Pergeseran itu bukan sekadar perubahan cara berdiskusi. Cara industri mengukur keberhasilan sebuah kemitraan juga ikut berubah. Nilai sebuah kerja sama kini semakin ditentukan oleh kemampuan yang berhasil dibangun bersama, bukan hanya oleh teknologi yang berhasil dipindahkan. Yang tersisa setelah program selesai justru menjadi ukuran yang semakin penting.
Pengembangan teknologi pertahanan kini jauh lebih kompleks dibandingkan sebelumnya. Satu platform dapat melibatkan puluhan perusahaan, jaringan pemasok lintas negara, pengembang perangkat lunak, lembaga sertifikasi, hingga institusi pendidikan yang menyiapkan tenaga ahlinya. Kompleksitas tersebut membuat tidak ada lagi satu pihak yang mampu berjalan sendiri.
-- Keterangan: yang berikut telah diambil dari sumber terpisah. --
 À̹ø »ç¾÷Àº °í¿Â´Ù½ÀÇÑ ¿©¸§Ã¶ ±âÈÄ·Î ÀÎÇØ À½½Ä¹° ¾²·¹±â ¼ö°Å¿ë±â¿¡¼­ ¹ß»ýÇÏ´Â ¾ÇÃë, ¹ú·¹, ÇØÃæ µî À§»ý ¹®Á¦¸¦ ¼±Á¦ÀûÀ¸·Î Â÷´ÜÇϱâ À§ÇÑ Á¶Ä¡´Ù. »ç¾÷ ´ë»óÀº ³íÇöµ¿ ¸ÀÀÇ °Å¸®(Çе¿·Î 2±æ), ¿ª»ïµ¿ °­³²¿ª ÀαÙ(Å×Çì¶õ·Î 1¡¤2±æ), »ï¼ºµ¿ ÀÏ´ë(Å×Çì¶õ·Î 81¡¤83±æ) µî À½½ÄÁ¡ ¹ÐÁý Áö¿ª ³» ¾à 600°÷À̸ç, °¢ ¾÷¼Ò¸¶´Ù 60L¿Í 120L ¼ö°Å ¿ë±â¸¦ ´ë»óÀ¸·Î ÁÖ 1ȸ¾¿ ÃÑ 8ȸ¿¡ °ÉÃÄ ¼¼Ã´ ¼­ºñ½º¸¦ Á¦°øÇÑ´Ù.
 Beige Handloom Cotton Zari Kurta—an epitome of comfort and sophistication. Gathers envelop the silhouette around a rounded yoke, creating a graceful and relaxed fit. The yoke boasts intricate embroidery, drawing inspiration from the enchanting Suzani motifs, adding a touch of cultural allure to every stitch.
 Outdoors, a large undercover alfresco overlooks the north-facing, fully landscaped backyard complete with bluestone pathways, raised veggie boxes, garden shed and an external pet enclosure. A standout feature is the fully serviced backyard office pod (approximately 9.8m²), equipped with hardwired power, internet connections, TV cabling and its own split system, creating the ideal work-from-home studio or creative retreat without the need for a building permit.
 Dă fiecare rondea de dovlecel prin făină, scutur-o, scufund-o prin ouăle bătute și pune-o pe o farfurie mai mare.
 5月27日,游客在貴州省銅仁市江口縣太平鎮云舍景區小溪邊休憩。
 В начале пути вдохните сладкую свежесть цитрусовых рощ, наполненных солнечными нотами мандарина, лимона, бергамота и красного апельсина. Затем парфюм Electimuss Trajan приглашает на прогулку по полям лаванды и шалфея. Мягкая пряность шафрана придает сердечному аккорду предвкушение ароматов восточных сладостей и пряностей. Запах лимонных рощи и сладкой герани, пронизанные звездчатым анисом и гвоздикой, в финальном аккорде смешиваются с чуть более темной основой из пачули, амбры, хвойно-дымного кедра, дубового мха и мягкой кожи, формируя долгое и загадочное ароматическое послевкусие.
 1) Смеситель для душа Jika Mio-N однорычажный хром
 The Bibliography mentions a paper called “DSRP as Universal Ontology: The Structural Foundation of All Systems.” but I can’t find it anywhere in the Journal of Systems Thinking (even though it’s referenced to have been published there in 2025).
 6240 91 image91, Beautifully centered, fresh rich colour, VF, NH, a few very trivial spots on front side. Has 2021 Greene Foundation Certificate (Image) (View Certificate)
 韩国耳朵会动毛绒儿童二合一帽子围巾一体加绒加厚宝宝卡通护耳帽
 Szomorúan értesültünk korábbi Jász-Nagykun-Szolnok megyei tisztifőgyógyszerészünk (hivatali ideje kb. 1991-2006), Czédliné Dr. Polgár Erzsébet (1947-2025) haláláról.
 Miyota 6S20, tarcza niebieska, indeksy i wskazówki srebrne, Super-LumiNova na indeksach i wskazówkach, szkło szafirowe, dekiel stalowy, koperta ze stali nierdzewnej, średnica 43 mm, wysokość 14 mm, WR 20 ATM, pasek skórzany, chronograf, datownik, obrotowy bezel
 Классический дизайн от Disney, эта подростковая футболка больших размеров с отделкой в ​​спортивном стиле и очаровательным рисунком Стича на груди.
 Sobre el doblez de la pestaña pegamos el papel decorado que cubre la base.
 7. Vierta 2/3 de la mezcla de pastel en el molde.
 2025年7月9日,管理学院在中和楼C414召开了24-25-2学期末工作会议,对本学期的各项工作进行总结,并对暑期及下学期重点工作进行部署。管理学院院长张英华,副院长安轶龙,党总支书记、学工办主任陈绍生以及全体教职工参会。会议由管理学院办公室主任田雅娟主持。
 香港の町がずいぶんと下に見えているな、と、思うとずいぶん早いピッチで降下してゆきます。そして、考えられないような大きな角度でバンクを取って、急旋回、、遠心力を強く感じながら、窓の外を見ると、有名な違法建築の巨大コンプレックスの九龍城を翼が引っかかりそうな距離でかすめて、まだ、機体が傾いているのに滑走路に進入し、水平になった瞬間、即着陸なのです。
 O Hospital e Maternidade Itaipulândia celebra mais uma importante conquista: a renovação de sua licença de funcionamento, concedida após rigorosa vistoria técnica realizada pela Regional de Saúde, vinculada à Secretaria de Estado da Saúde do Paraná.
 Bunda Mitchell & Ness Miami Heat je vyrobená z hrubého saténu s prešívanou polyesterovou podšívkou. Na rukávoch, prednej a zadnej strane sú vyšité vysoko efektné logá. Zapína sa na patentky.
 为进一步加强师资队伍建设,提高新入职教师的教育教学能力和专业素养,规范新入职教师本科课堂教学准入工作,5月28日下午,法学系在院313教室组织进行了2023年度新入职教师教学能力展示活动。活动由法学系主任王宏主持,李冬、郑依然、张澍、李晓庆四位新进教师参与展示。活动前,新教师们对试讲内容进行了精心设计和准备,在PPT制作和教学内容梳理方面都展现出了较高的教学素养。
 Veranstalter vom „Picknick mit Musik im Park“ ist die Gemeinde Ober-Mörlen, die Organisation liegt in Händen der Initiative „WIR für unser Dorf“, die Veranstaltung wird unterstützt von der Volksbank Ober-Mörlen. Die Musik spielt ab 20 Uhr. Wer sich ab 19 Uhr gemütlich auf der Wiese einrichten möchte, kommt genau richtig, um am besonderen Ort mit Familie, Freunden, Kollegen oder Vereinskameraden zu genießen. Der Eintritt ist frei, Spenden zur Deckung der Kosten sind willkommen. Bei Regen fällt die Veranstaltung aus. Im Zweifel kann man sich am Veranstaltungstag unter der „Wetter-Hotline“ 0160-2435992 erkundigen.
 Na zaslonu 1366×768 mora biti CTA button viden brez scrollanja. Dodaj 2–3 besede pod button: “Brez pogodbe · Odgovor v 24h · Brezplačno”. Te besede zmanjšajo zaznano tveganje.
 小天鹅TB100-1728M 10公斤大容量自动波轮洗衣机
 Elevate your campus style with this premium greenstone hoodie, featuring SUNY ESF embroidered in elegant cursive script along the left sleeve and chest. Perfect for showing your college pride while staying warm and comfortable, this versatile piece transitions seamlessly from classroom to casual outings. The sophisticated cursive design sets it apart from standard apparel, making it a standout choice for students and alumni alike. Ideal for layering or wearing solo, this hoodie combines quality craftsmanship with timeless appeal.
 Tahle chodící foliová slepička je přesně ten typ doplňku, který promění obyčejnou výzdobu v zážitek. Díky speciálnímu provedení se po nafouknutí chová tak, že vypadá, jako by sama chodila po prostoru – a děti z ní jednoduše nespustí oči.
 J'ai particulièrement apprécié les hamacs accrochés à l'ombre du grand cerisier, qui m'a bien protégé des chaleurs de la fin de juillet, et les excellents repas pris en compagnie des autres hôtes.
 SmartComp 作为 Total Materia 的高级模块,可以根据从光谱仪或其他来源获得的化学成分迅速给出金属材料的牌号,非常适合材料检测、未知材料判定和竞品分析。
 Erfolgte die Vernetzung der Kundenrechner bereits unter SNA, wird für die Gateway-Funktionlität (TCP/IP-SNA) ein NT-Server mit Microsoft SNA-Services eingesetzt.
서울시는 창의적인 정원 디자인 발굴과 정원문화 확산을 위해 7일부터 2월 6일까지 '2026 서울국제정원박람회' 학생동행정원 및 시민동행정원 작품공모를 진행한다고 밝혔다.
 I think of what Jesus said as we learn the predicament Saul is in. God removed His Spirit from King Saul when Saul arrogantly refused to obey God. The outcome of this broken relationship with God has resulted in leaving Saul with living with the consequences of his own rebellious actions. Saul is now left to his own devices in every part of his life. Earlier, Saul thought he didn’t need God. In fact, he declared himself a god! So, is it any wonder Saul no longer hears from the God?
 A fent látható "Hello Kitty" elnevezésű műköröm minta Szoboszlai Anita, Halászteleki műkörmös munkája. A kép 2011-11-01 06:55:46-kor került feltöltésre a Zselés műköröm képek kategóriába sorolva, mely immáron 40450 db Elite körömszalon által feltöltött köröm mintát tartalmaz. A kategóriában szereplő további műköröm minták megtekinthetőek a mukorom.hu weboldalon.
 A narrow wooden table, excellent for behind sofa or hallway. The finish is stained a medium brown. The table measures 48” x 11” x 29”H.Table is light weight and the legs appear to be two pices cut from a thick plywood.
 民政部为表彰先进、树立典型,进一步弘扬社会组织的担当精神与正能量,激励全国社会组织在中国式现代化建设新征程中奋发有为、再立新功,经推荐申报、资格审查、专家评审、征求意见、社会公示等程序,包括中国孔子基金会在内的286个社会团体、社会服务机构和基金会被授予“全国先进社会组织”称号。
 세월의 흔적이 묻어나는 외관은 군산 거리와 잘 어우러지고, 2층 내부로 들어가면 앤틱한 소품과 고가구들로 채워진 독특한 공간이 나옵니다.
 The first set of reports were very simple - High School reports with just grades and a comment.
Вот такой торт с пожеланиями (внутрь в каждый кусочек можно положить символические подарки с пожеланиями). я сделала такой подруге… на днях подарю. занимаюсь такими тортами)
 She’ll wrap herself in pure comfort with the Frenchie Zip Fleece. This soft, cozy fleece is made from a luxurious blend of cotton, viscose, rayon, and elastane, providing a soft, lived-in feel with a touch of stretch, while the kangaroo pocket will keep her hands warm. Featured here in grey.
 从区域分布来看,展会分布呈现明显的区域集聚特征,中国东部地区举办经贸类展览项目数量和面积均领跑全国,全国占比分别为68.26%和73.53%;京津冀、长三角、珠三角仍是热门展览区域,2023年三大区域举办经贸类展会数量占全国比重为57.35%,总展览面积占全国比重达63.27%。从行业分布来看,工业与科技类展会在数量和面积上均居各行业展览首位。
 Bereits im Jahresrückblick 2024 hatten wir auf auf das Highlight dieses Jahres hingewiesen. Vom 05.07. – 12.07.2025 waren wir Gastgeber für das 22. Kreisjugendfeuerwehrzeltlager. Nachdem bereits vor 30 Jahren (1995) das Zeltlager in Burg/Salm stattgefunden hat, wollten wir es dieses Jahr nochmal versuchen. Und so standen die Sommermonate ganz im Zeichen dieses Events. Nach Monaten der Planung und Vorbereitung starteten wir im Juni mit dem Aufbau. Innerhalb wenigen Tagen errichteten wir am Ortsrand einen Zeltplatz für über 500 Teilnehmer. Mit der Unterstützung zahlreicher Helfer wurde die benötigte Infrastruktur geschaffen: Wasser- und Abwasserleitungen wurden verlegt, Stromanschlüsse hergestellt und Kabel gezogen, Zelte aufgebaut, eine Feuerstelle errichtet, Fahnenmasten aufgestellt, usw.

Kolaborasi bukan lagi pilihan tambahan, melainkan bagian dari cara industri pertahanan berkembang.
Perubahan itu ikut menggeser cara modernisasi dipahami.
Teknologi tetap menjadi hasil akhirnya. Namun proses membangunnya selalu dimulai jauh lebih awal, dari kemampuan manusia, kesiapan industri, kapasitas manufaktur, penguasaan pengetahuan, hingga ekosistem yang memungkinkan inovasi terus berkembang. Semakin kuat fondasi tersebut, semakin besar pula kemampuan sebuah negara untuk terus menghasilkan inovasi berikutnya, bukan hanya menikmati hasil inovasi yang sudah ada.
Indonesia memiliki peluang yang semakin besar untuk mengambil bagian dalam perubahan tersebut. Dalam beberapa tahun terakhir, ruang kolaborasi dengan berbagai mitra internasional juga semakin terbuka. Tantangannya justru bergeser. Bukan lagi bagaimana memperoleh akses terhadap teknologi, tetapi bagaimana memastikan setiap kerja sama mampu memperkuat industri nasional, meningkatkan kompetensi sumber daya manusia, dan membuka ruang yang lebih besar bagi industri dalam negeri untuk tumbuh.
Cara pandang tersebut juga menjadi salah satu landasan Republikorp dalam membangun berbagai kemitraan strategis dengan pelaku industri pertahanan global.Berbagai kemitraan yang dibangun Republikorp dalam beberapa tahun terakhir memperlihatkan perubahan tersebut secara langsung. Pembahasan tidak lagi berhenti pada teknologi atau peluang proyek, tetapi berkembang ke arah penguatan kemampuan industri, pengembangan talenta, hingga kolaborasi jangka panjang yang mampu memberikan nilai tambah bagi seluruh pihak.
Kemitraan mungkin selalu diawali oleh teknologi. Namun daya saing industri justru dibangun dari kemampuan yang tumbuh setelah kerja sama dimulai. Pergeseran cara pandang inilah yang semakin terlihat dalam industri pertahanan global, sekaligus membuka peluang bagi Indonesia untuk memperkuat industri nasional melalui kolaborasi yang menghasilkan nilai jangka panjang. Teknologi mungkin menjadi awal sebuah kemitraan, tetapi kemampuan yang tumbuh setelahnya akan menentukan daya saing industri.